DOT: What about power sources and power generation for data centers?
BROCH: Most business cases use the public grid as the main power source, and then you have an emergency power supply for emergencies (for example, diesel generators). Then there are studies that do it the other way – so, you generate your own power, and in emergencies they use the public grid. One source of independent power generation is gas, another is fuel cells. There’s one initiative in the Frankfurt area called RheinMain BLUE Cluster, which is a project using fuel cells as the primary power source. Another idea is a project looking at creating gas from algae, and using this to power fuel cells, but this is still a prototype. Then there are also cogeneration power plants – so this is a mini power station that the data center can own and operate and which can be the main power supply or for emergency power.

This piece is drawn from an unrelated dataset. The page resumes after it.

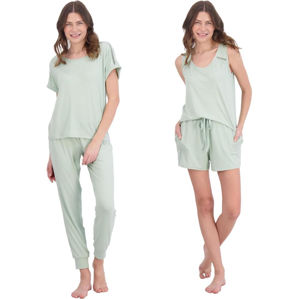 imageLucky Brand Pajamas Set for Women 4Piece Soft Sleepwear  Top Tank Shorts ampamp Pants Comfy Loungewear Pijama para MujerSoft Sage

For emergency power, the diesel generators take some time to start and reach full load, so during that time you need an uninterruptible power supply (UPS) system. This can be an done with array of batteries, but they need maintenance. Another option is flywheel technology, which stores kinetic energy. You can use this as an active UPS system for galvanic isolation – this basically means that the momentum and inertia of the flywheel mass, which is connected to the public grid, actually stabilizes the current, so that the sensitive data center equipment is not subjected to sudden peaks and troughs in the current.